In CESTAT, Mumbai there are three benches. However, because of the paucity of the justices, there are times when there may not be hearing for a considerable period just because a bench cannot be constituted. This is despite the fact that Mumbai CESTAT has the highest pendency & as on today, appeals filed in the year 2003 are reportedly being heard. Why the Government or Ministry of law (though not responsible) should be bothered about such sorry state of affairs. The Ministry of Finance is responsible for the administration of CESTAT. However, the pendency/vacancy is self fulfilling objective because the revenue, which is otherwise not legally due to the government, is collected & kept interest free for a period of 6-8 years. The government is keeping several thousand Crores of Rupees legally not due to the government in this manner. This problem is more pronounced in the case of SME s but in case of the big boys, such problems are less because in their case, there seems better consideration prevails as they hire the best brains at the highest prices. If the administration is beefed up & the pendency is wiped out then the Ministry of Finance/government will lose a huge pile. Therefore intervention of the Law Ministry may be the right course of action. The systemic reform to free the administration of justice by the nodal ministry should be adopted. I am not saying that the judiciary or the government is not aware of this but then if they are aware of it then why are they continuing with it.

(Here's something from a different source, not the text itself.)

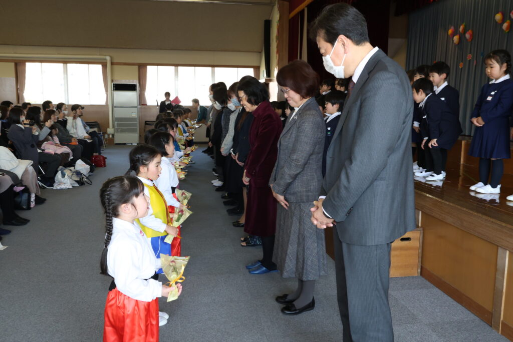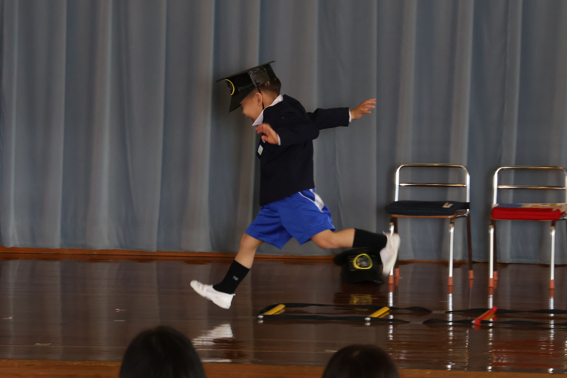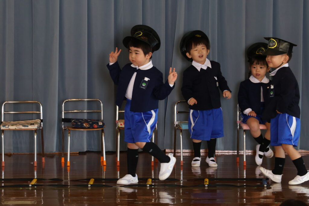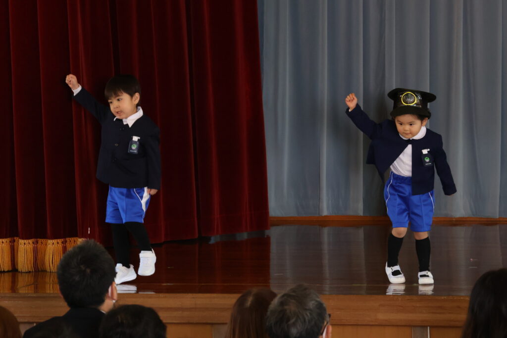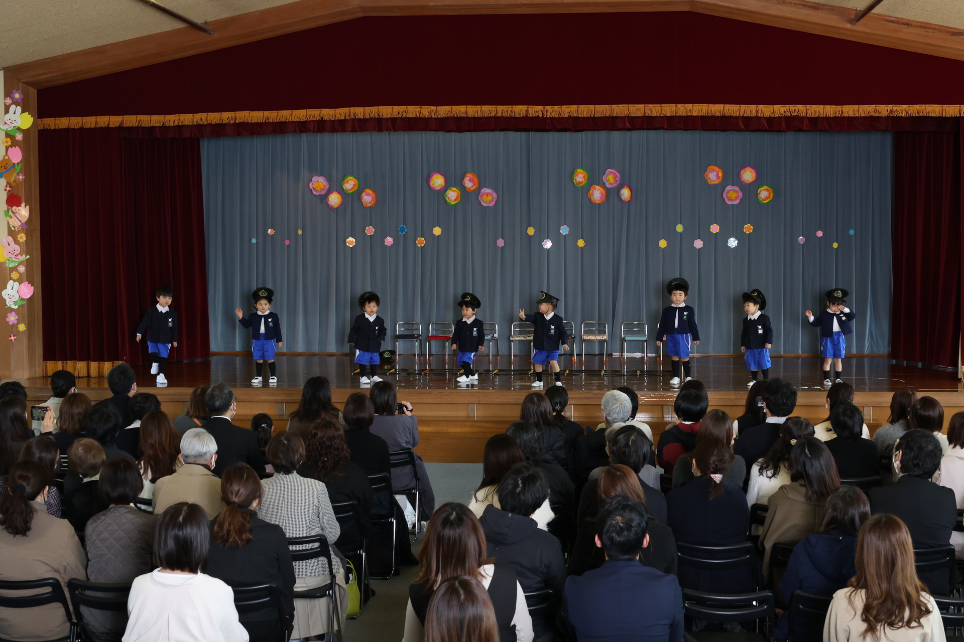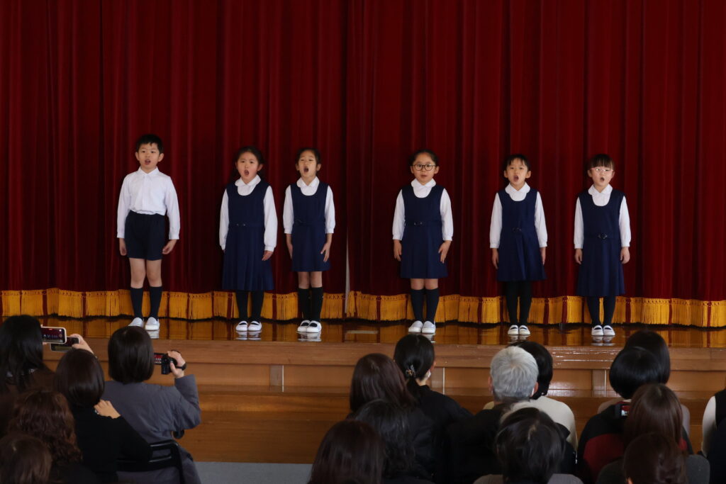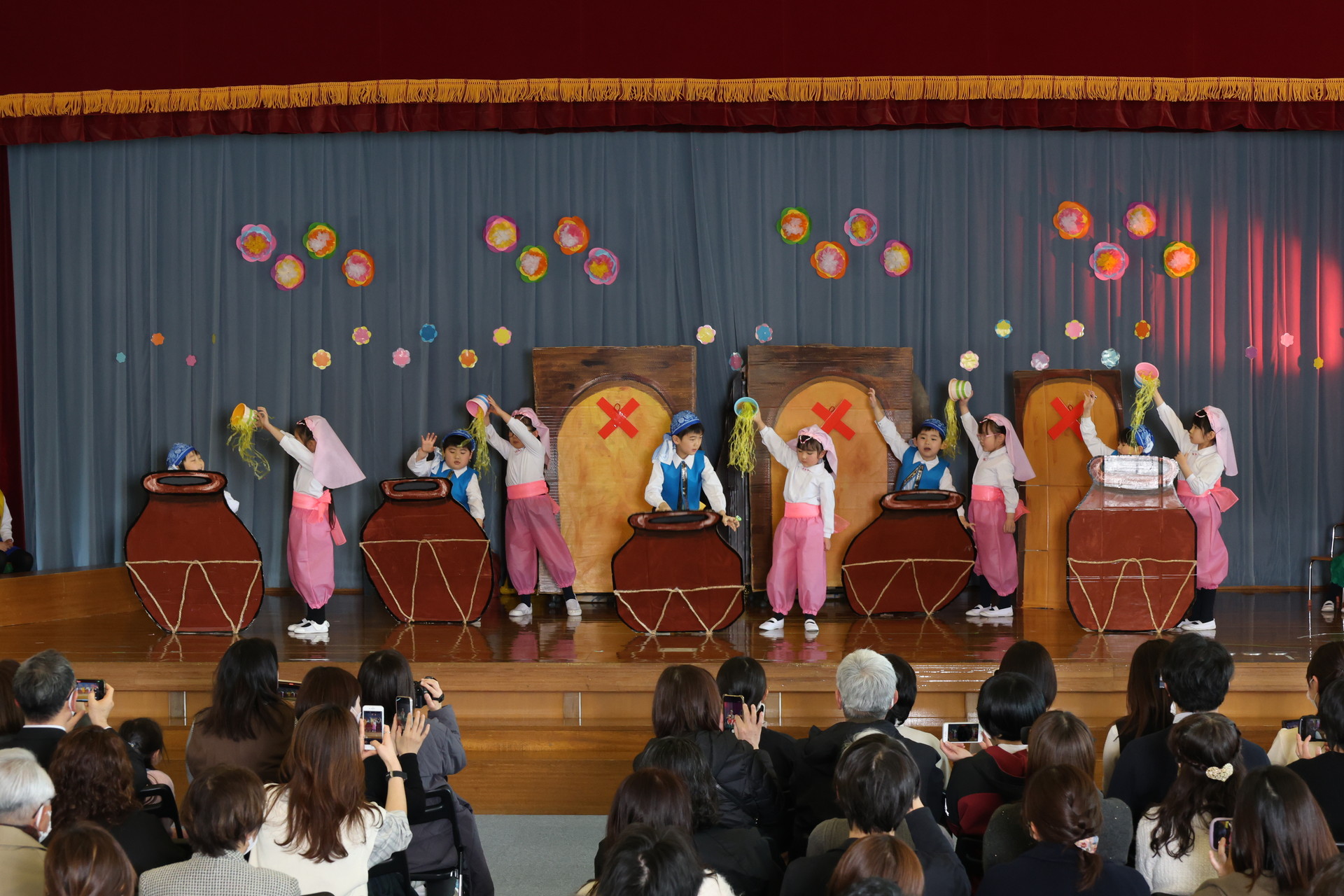 いままでお世話になった先生方やお家の方に、ありがとうの気持ちを込めて、各クラス、劇や踊りを披露しました。子どもたちの笑顔が溢れる温かい会でした。最後に、先生方やお家の方に、お花のプレゼントをしました。

There are several other serious problems/hurdles faced by the appellants in the CESTAT. One such problem is in respect of the live B/E. In some cases the Customs department acts like a traffic police who hides behind an obstacle & then catch the culprits instead of conducting the responsibility of directing the traffic & ensuring smooth movement. In the case of customs, what they do is let the B/E proceed & let the importer pay the duty & when the delivery is taken, the goods are confiscated. Thus the importer is put into serious trouble because the goods are cleared & duty paid but finally the result is that the goods are confiscated. Therefore, the duty & goods are both stuck & this disturbs the complete business cycle of the small & medium enterprise. When such live cases are taken up in the Tribunal, for early hearing then it is said that there is no provision that Live B/E s are to be granted early hearing. Therefore importers are compelled to pay hefty fines penalty and customs duty and clear the goods or abandon the same as they have no hopes of getting their appeals heard by Honble Tribunal for years to come. Under these circumstances, where do the small & medium enterprises go! It is said that justice delayed is justice denied & in case of SME s, this is very true because the delay may render the enterprise economically unviable then please tell me where is the justice in the basic law.

I am of the view that in any developed country, if the tax is recovered on the higher side, the refund will follow. I think, the basic premise is unauthorized tax collection is bad in law & cannot be legitimized. However, in India, you have not only to claim refund but you are required to challenge the order separately. Now, it is common sense that the department cannot take advantage of its own mistake but then tribunals are not bothered. The judge has no hesitation in saying that they are not willing to change their mind & will follow the past precedent though this may not be the correct position. Now, this stubborn attitude in itself is killing. Why do the appellants come to the Tribunal is to get justice legitimately due to them & not for past precedents to be observed blindly even if they are wrong. In case of an unconditional exemption notification, the benefit of the notification has to follow automatically to the importer in case of EDI B/E. If this does not happen then the Customs official is responsible for the wrong committed & not the importer. This is accepted by the CBEC but then the Tribunal is not willing to decide in the favour of the assessee just because in case of M/s. Flock India, it is ruled that challenge of the assessment order is essential.

It is trite that no man should suffer a wrong by technical procedure of irregularities. The Rules or procedures are the handmaids of justice and not the mistress of justice. The tribunals should definitely ensure this as they are the last fact finding body.